"The Science of Good Cooking"
Sauteed chicken breasts that turn out too dry, eggplant that's too oily. Or tough and chewy roasts. Solving kitchen headaches like these has become a mission for the team at Cook's Illustrated magazine and PBS's America's Test Kitchen. Dozens of chefs experiment to create foolproof recipes, and explain exactly why they work.
Glazed Butter Cookies
The reverse creaming method—in which the butter is beaten into the flour and sugar rather than creamed with the sugar—makes for flatter cookies that are easier to decorate. Also, less air in the batter means fewer bubbles in the baked cookies, so they are sturdier and crisper—again, making them perfect for glazing.
Makes about 38 cookies
If you cannot find superfine sugar, process granulated sugar in a food processor for 30 seconds.
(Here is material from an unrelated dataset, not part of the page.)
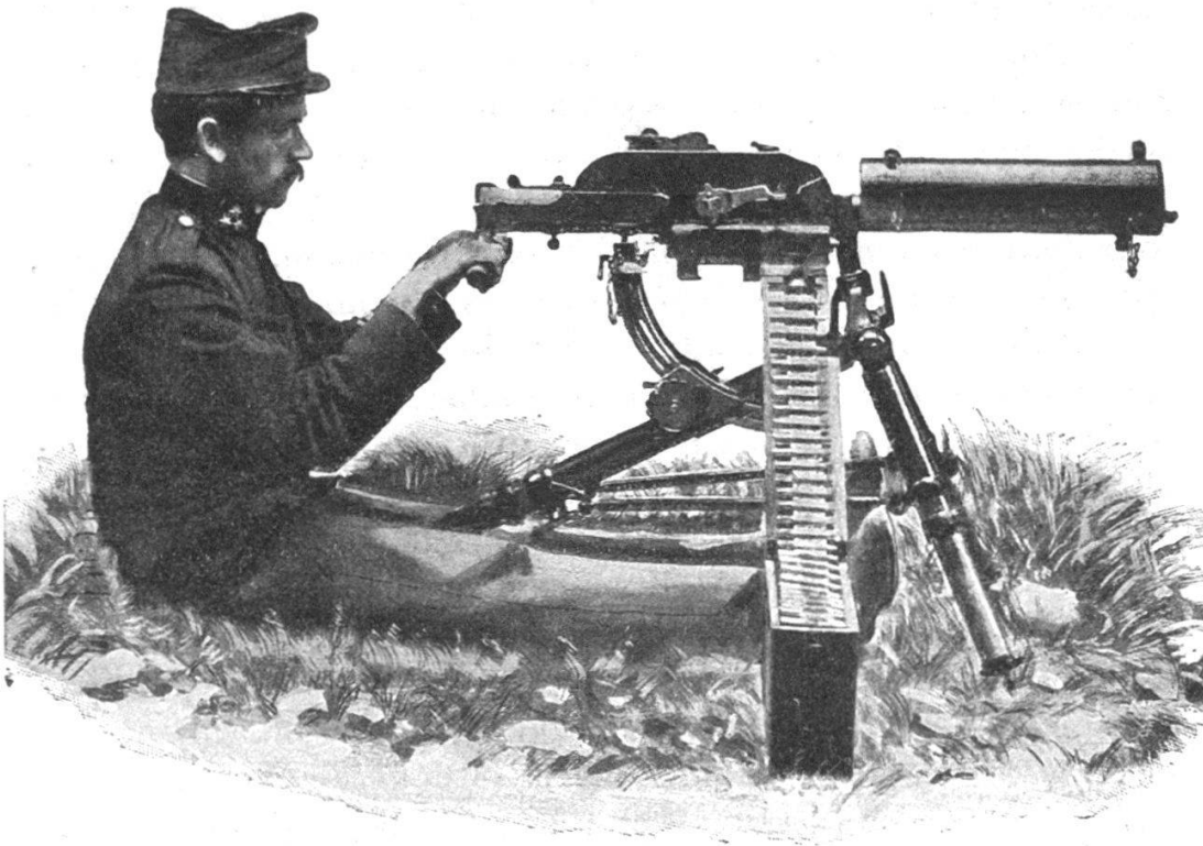
Fig. 1. — Mitrailleur Schwarzlose au tir, dans sa plus haute position.

If desired, the cookies can be finished with sprinkles or other decorations immediately after glazing.
2 1/2 cups (121/2 ounces) all-purpose flour
3/4 cup (52/3 ounces) superfine sugar
1/4 teaspoon salt
16 tablespoons unsalted butter, cut into 16 pieces and softened (68 degrees)
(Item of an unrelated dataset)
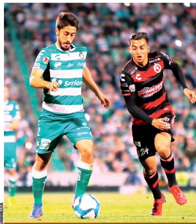
Igualada. Sin hacer pesar su feudo, Santos Laguna sumó su segundo partido sin ganar, al empatar 1-1 con Xolos de Tijuana.
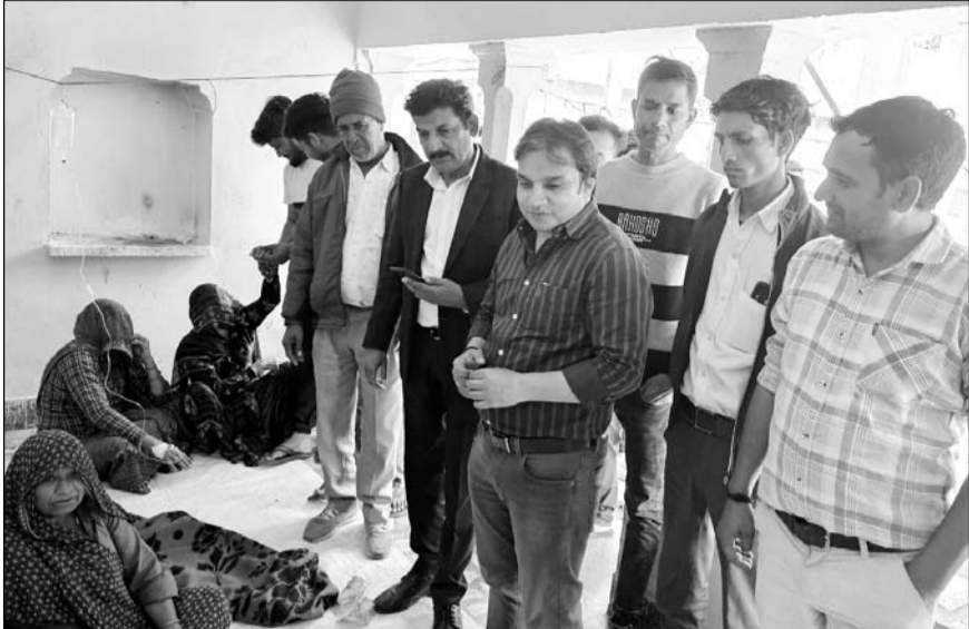
चिकित्सा विभाग की टीम ने शिविर लगाकर मरीजों का उपचार किया।

2 tablespoons cream cheese, room temperature
2 teaspoons vanilla extract
1 tablespoon cream cheese, room temperature
3 tablespoons milk
1 1/2 cups (6 ounces) confectioners’ sugar
1. For the cookies: Using stand mixer fitted with paddle, mix flour, sugar, and salt at low speed until combined, about 5 seconds. With mixer running on low, add butter 1 piece at a time; continue to mix until mixture looks crumbly and slightly wet, 1 to 2 minutes longer. Beat in cream cheese and vanilla until dough just begins to form large clumps, about 30 seconds.
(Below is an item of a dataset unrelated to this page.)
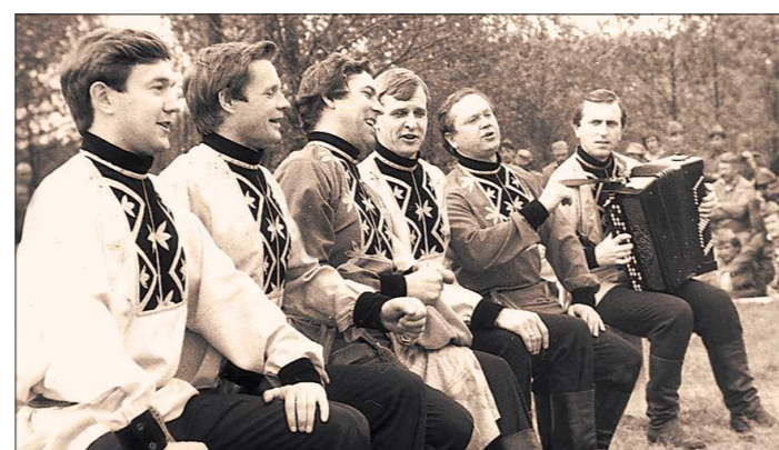
Фотографировать в Чернобыльской зоне было строгаише запрещено. Все снимки уничтожались. Эти – с концерта Уральского хора на лесной опушке – чудом уцелели.

Урал, казалось бы, такой далёкий, тоже оказался причастным к украинско-белорусской беде: сотни наших специалистов разного профиля участвовали в ликвидации последствий взрыва на атомной станции. Ушедшие и живые навсегда объединены словом «ликвидаторы». Для них в Уральском государственном Театре эстрады прошёл концерт «Поющий в Чернобыле»: в сопро-

2. Knead dough by hand in bowl, 2 to 3 turns, until it forms large, cohesive mass. Transfer dough to counter and divide it into 2 even pieces. Press each piece into 4‑inch disk, wrap disks in plastic wrap, and refrigerate until dough is firm but malleable, about 30 minutes. (Dough can be refrigerated for up to 3 days or frozen for up to 2 weeks; defrost in refrigerator before using.)
3. Adjust oven rack to middle position and heat oven to 375 degrees. Line 2 baking sheets with parchment paper. Working with 1 piece of dough at a time, roll 1/8 inch thick between 2 large sheets of parchment paper; slide rolled dough, still on parchment, onto baking sheet and refrigerate until firm, about 10 minutes.
4. Working with 1 sheet of dough at a time, peel parchment from 1 side of dough and cut into desired shapes using cookie cutters; place cookies 11/2 inches apart on prepared sheets. Bake 1 sheet at a time until cookies are light golden brown, about 10 minutes, rotating baking sheet halfway through baking. (Dough scraps can be patted together, chilled, and rerolled once.) Let cookies cool on baking sheet for 3 minutes; transfer cookies to wire rack and let cool to room temperature.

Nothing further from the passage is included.